A U-turn on Double Descent: Rethinking Parameter Counting in Statistical Learning
Alicia Curth, Alan Jeffares, Mihaela van der Schaar
The double descent hypothesis is a relatively recent idea that attempts to reconcile modern machine learning “bigger is better” practice with the bias-variance trade off. It states that in the overparameterized regime, the traditional U-shaped test error vs model complexity curve breaks down, and it’s possible to see improved generalization performance by continually increasing the model parameter count. This is referred to as the interpolation region, where the number of model parameters is greater than or equal to the training set size.
In this paper, the authors revisit the results from the original Belkin et al paper, from 2019, which observes a double descent for Random Fourier Feature regression, decision tree ensembles and gradient boosted trees. They claim that in each of these cases, model complexity is increased along multiple axes (for example, splits per tree and number of trees for a tree ensemble) and the double descent appears as an artefact of switching between these axes when increasing model complexity, rather than as a result of reaching the interpolation threshold (number of model parameters == training set size). When test error is plotted against increasing model complexity on any single axis, the traditional U-shaped bias-variance curve is recovered.

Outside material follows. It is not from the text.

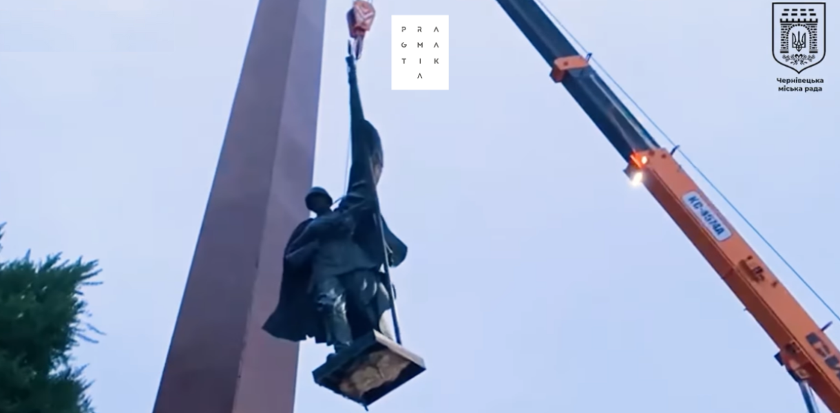 “Зняли всього за годину”. У центрі Чернівців демонтували пам’ятник червоноармійцю

They go on to interpret each of these cases as a “smoother” from the classical statistical literature, which allows them to derive the effective number of parameters for each model. They then reproduce and re-plot the results from the original paper against the effective parameter count and recover the U-shaped curve in all cases. The obvious omission is the investigation of the “deep double descent” case which is suggested as the next direction for this work.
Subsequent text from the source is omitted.